In the contemporary investment climate, one of the construction industry’s dominant challenges is to create a business model that paves the way for the burgeoning technology ecosystem to shape the skylines of the future.

Problem-solving experts from the Middle East's public and private sectors are working to address this challenge and spur the development of a ‘smart’ urban environment. The legislative framework to support smart city projects is rapidly being developed and expanded in the region – particularly the UAE – and the onus is now on construction companies to evolve and meet the needs of local asset owners.

US-headquartered consultancy, Parsons, recognises this changing environment, and has started to prepare for the developer demands it expects to contend with in the future, according to Gregg Welch, a senior vice president at the company. Welch also heads up Parsons’ built environment (BE) division, which plays a significant role at the company that is working to transform itself as a “digitally enabled solutions firm”.

“Parsons is evolving and transforming from a service-based entity to a full-fledged digitally enabled solutions provider,” Welch tells Construction Week.

“We are embracing new technologies and tailoring our culture in ways that will dramatically enhance our value proposition as well as our commercial returns to shareholders. We foresee significant opportunities in smart cities and the infrastructure required by them.”

READ: Parsons bolsters Middle East, Africa built environment division

As part of this remit, one of Parsons’ priorities is to introduce and expand its cyber, defence, and security service offerings, which Welch says the company already has a stronghold on in the North America region. Parsons, he explains, has adopted a “think-tank approach” to drive industry innovation, and is focusing on “seven prime technologies” to achieve its goal of becoming a digital construction leader. These tools, many of which are Parsons’ proprietary technologies, cover the internet of things (IoT), critical infrastructure protection, autonomous systems, artificial intelligence, cybersecurity, reality-based simulation, and space, including small satellite integration and space system resilience.

Admittedly, these technologies would be formidable additions to any construction company’s arsenal, but their functionality is enhanced by Parsons’ portfolio of high-profile construction projects. In Saudi Arabia, its repertoire includes work with clients such as the kingdom’s Ministry of Housing. Parsons is also part of Riyadh Metro Transit Consultants (RMTC) consortium, alongside Egis Rail and Systra, which is working on the $23bn (SAR86.3bn) urban rail development in the Saudi capital.
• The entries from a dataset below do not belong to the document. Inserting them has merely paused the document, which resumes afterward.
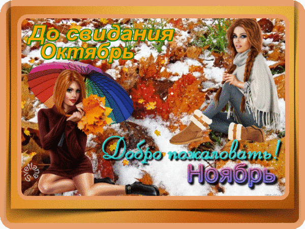 10. Анимированная гиф картинка до свидания Октябрь! Добро пожаловать Ноябрь!
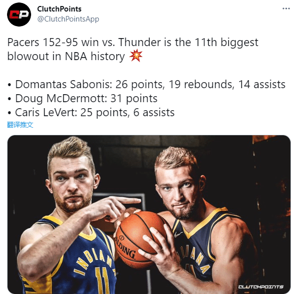 JRS直播网讯北京时间5月2日,步行者客场大胜雷霆,152-95狂赢57分,步行者全队6人得分上双,小萨轰下26分19篮板14助攻大号三双,正负值高达+49,麦克德莫特31分,勒维尔25分6助攻;步行者创造本赛季最大赢球分差。
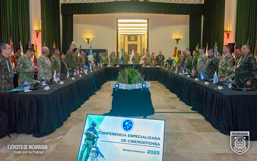 En cumplimiento a las órdenes del Comandante en Jefe de las Fuerzas Militares del Ejército de Nicaragua, General de Ejército Julio César Avilés Castillo, para avanzar en el fortalecimiento de las relaciones de amistad y cooperación con fuerzas armadas y ejércitos amigos; del 7 al 11 de abril de 2025, el Ejército de Nicaragua participó en la V Conferencia Especializada “Desarrollo de las capacidades de Ciberdefensa”, realizada en la ciudad de Buenos Aires, República Argentina.
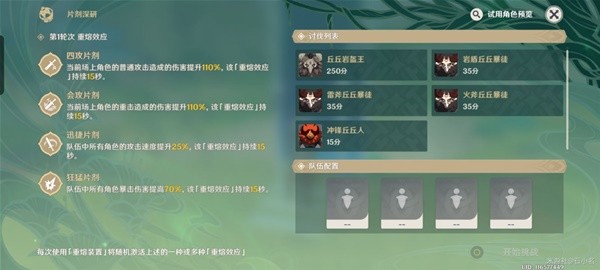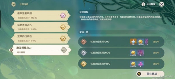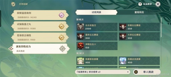 2.[片剂深研]活动挑战中,元素共鸣将不会生效,也无法使用食物等道具。
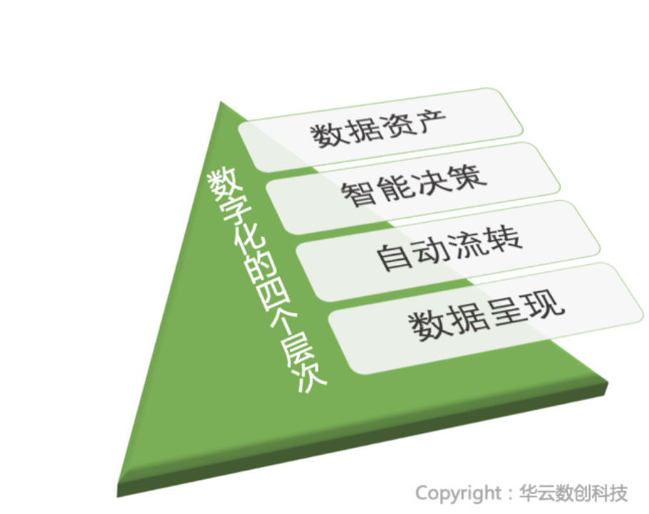 中国的企业千差万别,处于不同的发展阶段,数字化更是处在不同环节。通常而言,数字化可以分为四个层次:第一阶段是数据呈现,其次是数据流转,再次是智能决策,最高层是数据资产。
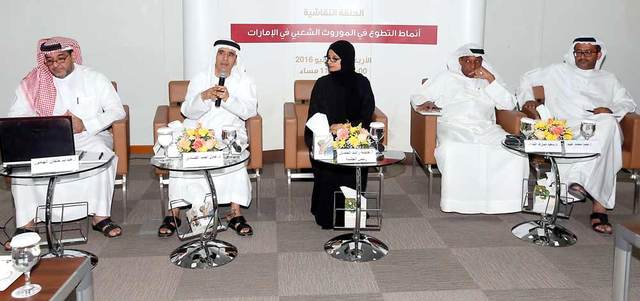 المتحدثون في الحلقة النقاشية التي جاءت ى بعنوان «أنماط التطوع في الموروث الشعبي الإماراتي». من المصدر
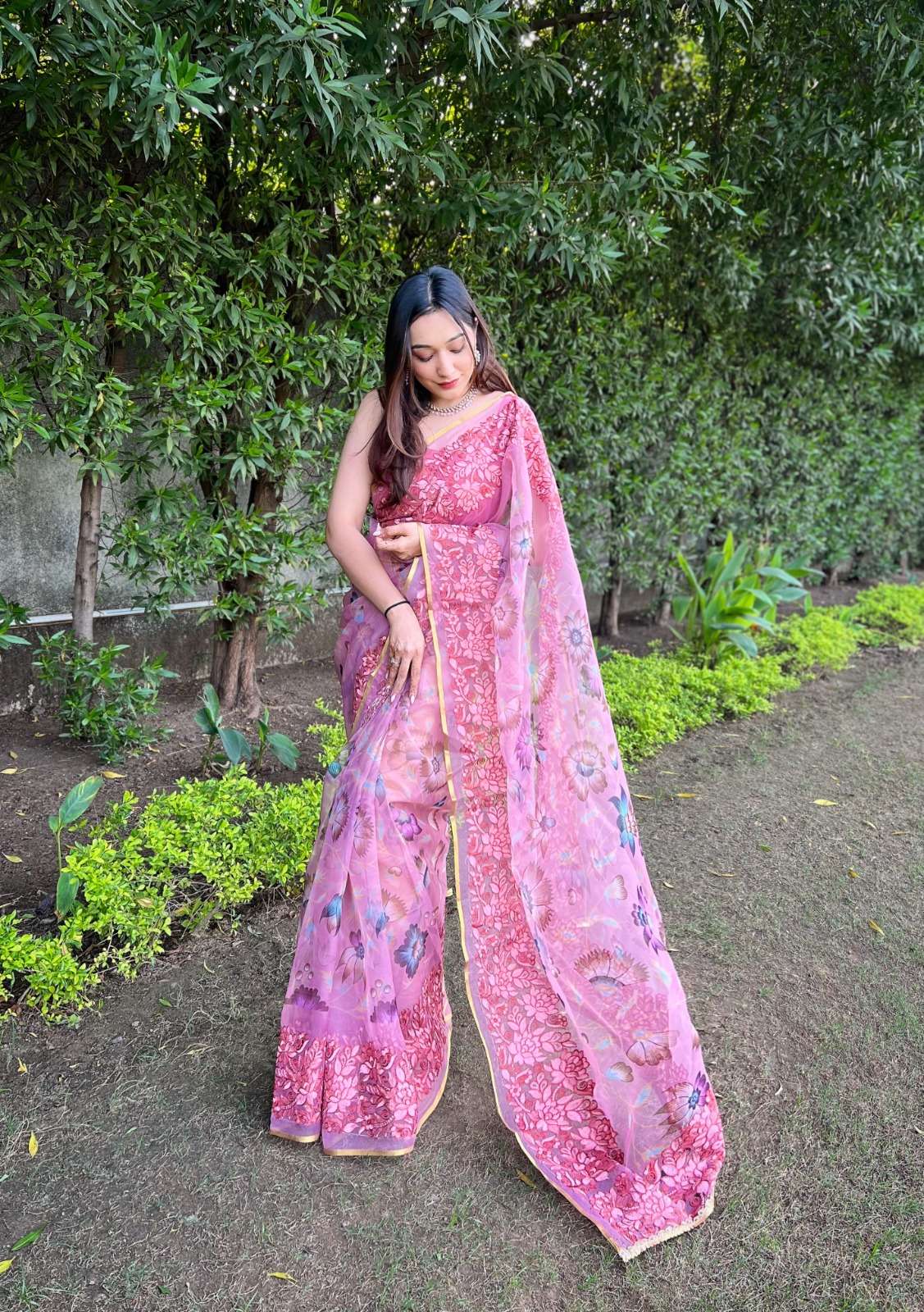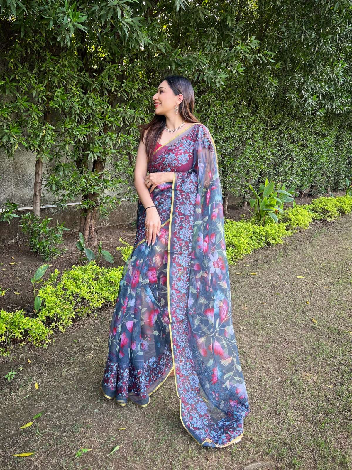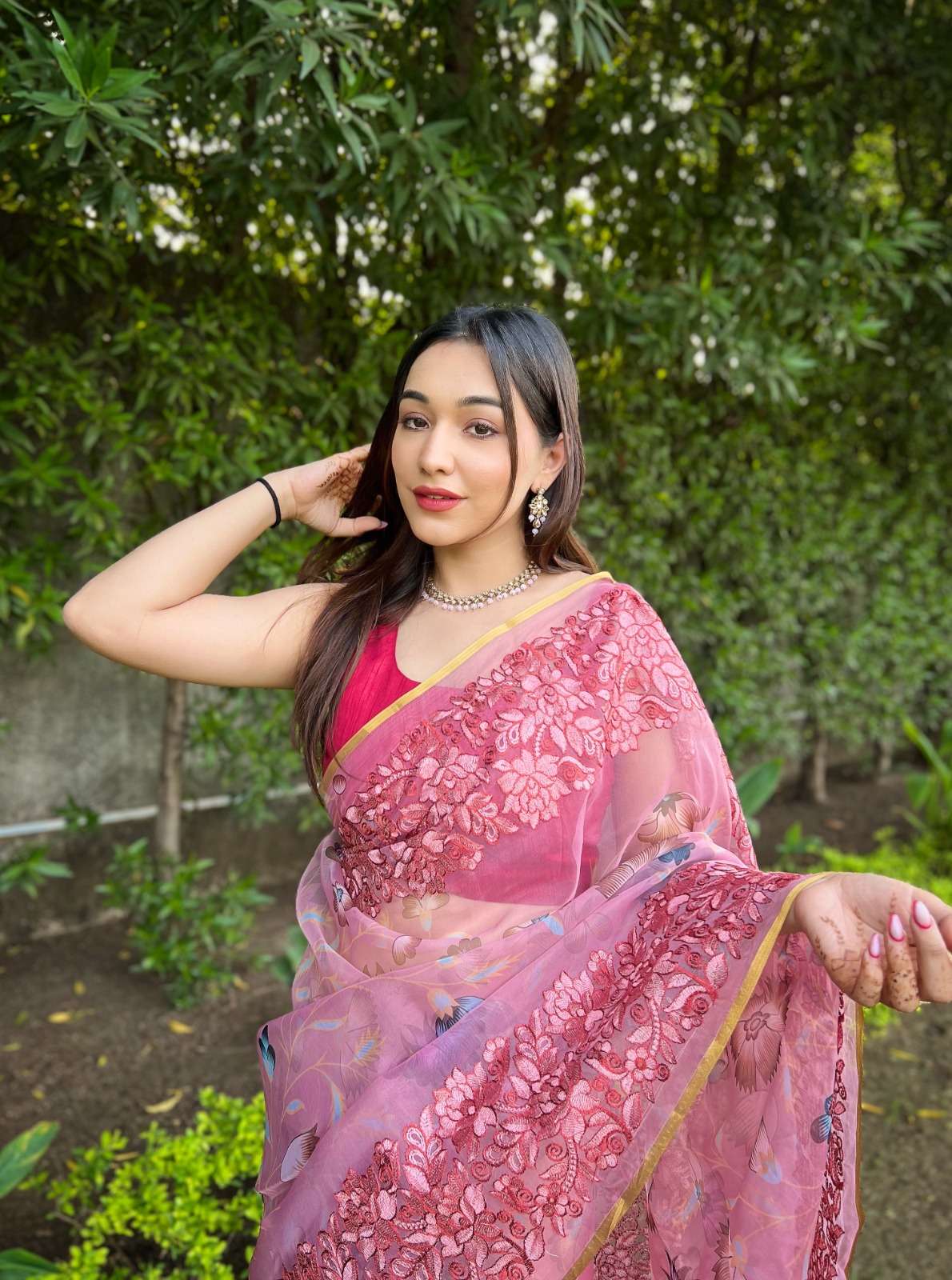 Catalog Name : *BAVRI* No of Pcs : 3 Fabric : Organza Work : Soft pure Organza saree with weaving gold border Work : Viscose embroidery work of thread in all over the saree
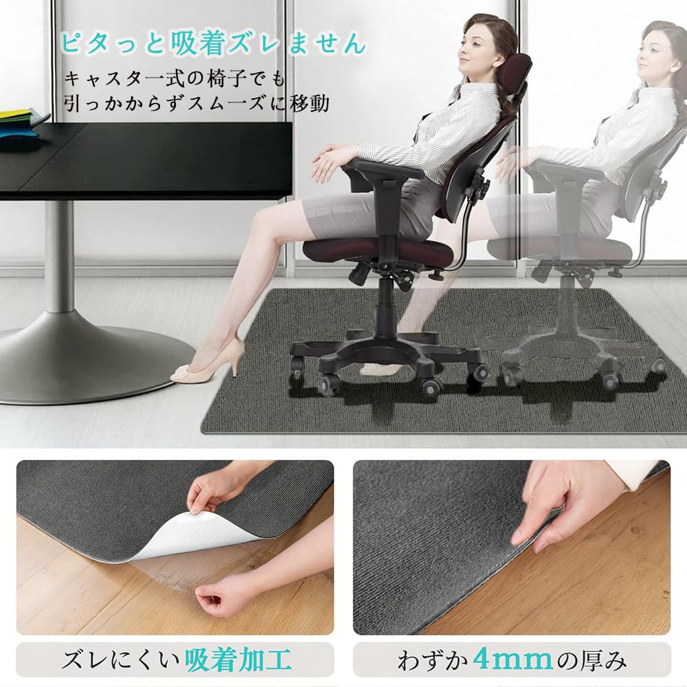 【キズ防止】キャスター付きの椅子の中には、床を傷つけたり、足跡を残したり、床をへこませたりするものがあります。 滑り止めマットを床に置くと、引っかき傷、汚れ、へこみを防ぐことができます。 床ヘしっかり吸着し、椅子を動かす際にズレにくく、床を傷や凹みから守ってくれる。椅子がスムーズに動かせ、より快適なテレワークを実現
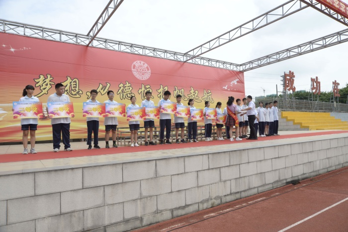 在全場氣氛被推向高潮之時(shí),統(tǒng)籌管理教務(wù)工作的教導(dǎo)處鄧新軍主任為典禮致辭。鄧主任提出,近年來,中山市民眾德恒學(xué)校能夠取得輝煌的發(fā)展,離不開集團(tuán)的大力支持,也離不開老師們和同學(xué)們的勠力同心,更離不開家長們的協(xié)作配合。在2020年上半年,德恒學(xué)校在中考成績又實(shí)現(xiàn)了新的歷史性的突破,為德恒的史冊上又增添了濃墨重彩的一筆。鄧主任希望借此激勵(lì)孩子們:“宏志獎(jiǎng)”秉承著“追求卓越,超越自我”的校園精神,鼓勵(lì)孩子奮發(fā)讀書的初衷,希望孩子們能夠樹立遠(yuǎn)大的志向,培養(yǎng)勤奮刻苦的精神,更要學(xué)會創(chuàng)新學(xué)習(xí),用汗水、智慧和青春年華,讓夢想從德恒揚(yáng)帆起航!
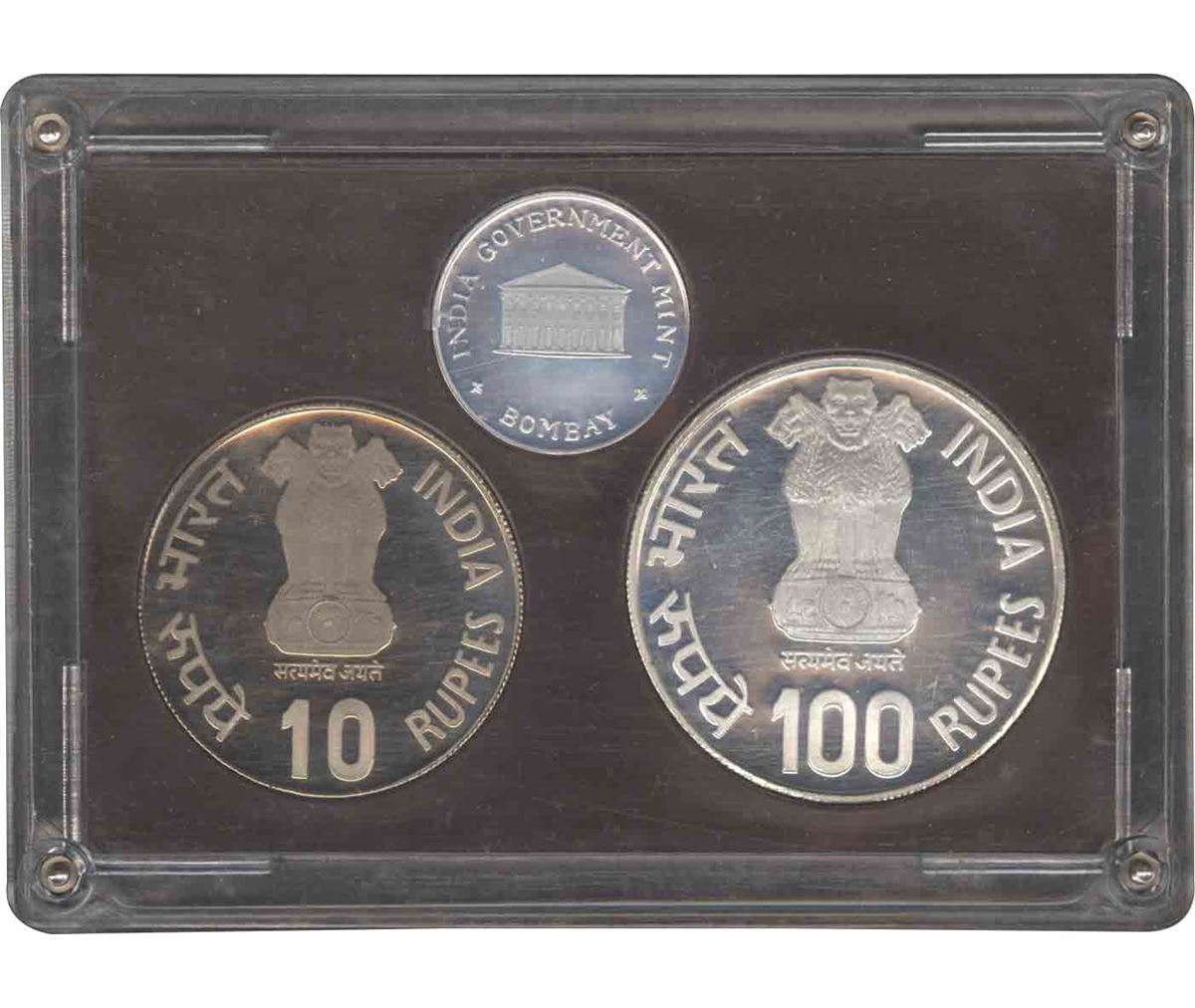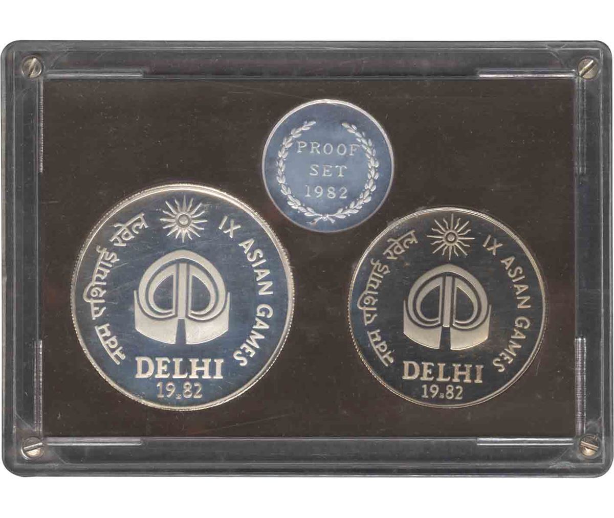 1982, Proof Set, IX Asian Games - Delhi, 100 Rs and 10 Rs,Bombay Mint, (RB # 92),intact condition of the certificate and cover with acrylic case, Rare.
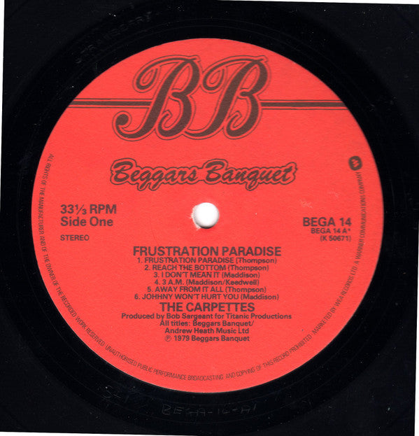 © 1979 A Beggars Banquet Recording. Distributed by WEA Records Ltd. A Warner Communications Company. [... Printed in England by Garrod and Lofthouse Ltd.
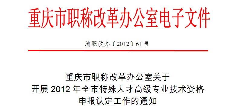 附件一:重庆市职称改革办公室关于开展2012年全市特殊人才高级专业技术资格申报认定工作的通知
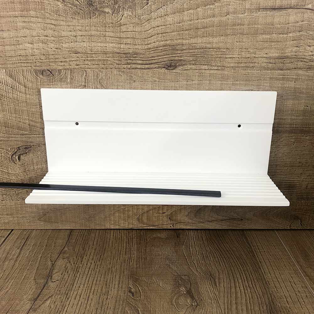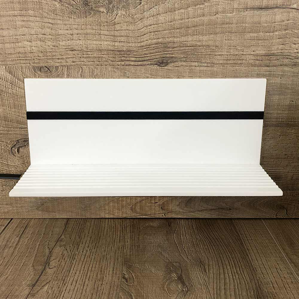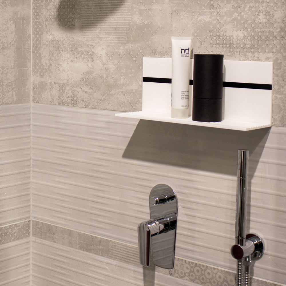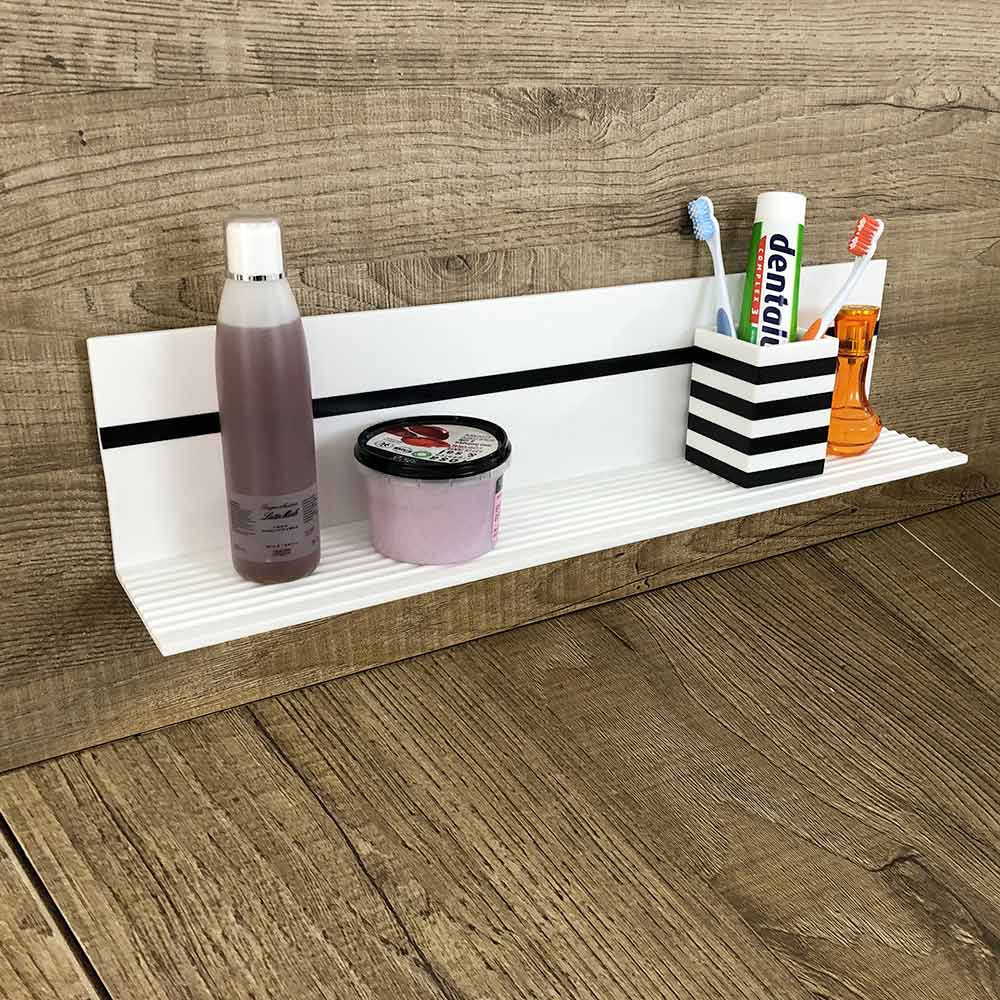 Choose the wall shelf for a modern and luxurious atmosphere entirely made of white or white Corian with black insert, a hygienic material with essential lines.
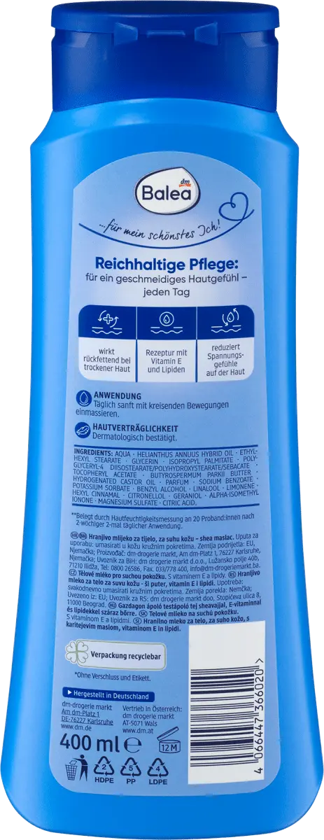 Насыщенное молочко для тела Balea возвращает важна влажность для сухой кожи. В то же время формула оказывает увлажняющий эффект, обеспечивая заметно гладкую кожу. Питательная формула с отборными липидами, витамином Е и маслом ши облегчает ощущение грубой и напряженной кожи, а формула Moisture Care 48 часов поддерживает естественный запас влаги в коже и защищает ее от высыхания. Насыщенная эмульсия интенсивно питает кожу и снимает чувство напряжения. Рецепт без микропластика и водорастворимых, чисто синтетических полимеров.
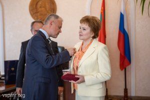 Сегодня в Верховном Совете поздравляли народную артистку Приднестровья Лидию Сизеневу. Указом Президента России ей было присвоено почетное звание «Заслуженный артист Российской Федерации». Нагрудный знак оперной певице вручил советник посольства Российской Федерации в РМ Александр Андреев.
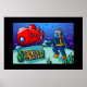 Um mergulhador do mar profundo deixa seu submarino vermelho para explorar o fundo do oceano e descobrir o tesouro afundado! Esta ilustração de estilo cartoon apresenta peixe, mergulhador, submarino, oceano e tesouro afundado na última aventura submarina! Este design impressão, colorido, arrojado e simples está disponível para sua personalização com uma faixa de excelentes de quadros em vários estilos e cores.
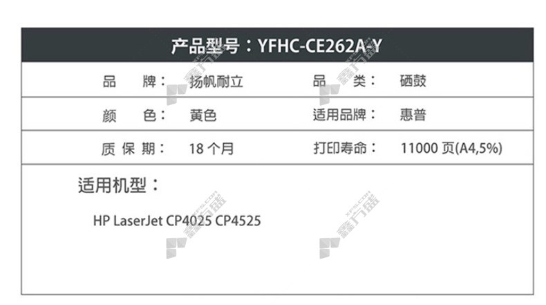 商品名称: 扬帆耐立 CE262A 硒鼓 黄色 黄色648A CE262A-Y 常规

RMTC is the engineer of record for two Riyadh Metro contracts, which cover programme and construction management, and Parsons has “the lead role in the health, safety, and environment management” aspects of the development. The firm is also the project management officer for Saudi’s upcoming 334km2 Qiddiya entertainment city, which features plans for a Six Flags-branded theme park. Additionally, Parsons delivered the winning masterplan for the Red Sea project that is being developed in the kingdom.

Equally impressive is the company’s UAE portfolio, which features Sharjah International Airport’s expansion; the Abu Dhabi International Airport Expansion project; Dubai Municipality’s $3.26bn (AED12bn) Deep Tunnel Sewerage System; Emaar’s Dubai Creek Tower; and Route 2020, Dubai Metro’s Red Line extension to the Expo 2020 site, the latter of which is also one of Parsons’ projects. 

These developments underscore Parsons’ influence in the Middle East, where it has been an active player for more than 60 years. Now, as the Middle East’s construction sector digitises core processes such as cash flow management and material procurement, Welch says Parsons can actively contribute to this evolution, regardless of the differing levels of tech-savviness in various regional markets: “We deliver consistently in all the markets using the same technologies – we don’t change the way we do business in a country that may have less of a technology orientation than others, because from our perspective, consistency and [tech-driven] methods of delivery are part of what we are. So we don’t switch [our approach] from country to country.

“We feel like it’s the way to be right now, because it just makes our product better, [and] improves our value proposition no matter where we go. If we go into a place that isn’t necessarily tech-oriented, we can bring that as a value add for [the local clients], and that makes sense for them and us.”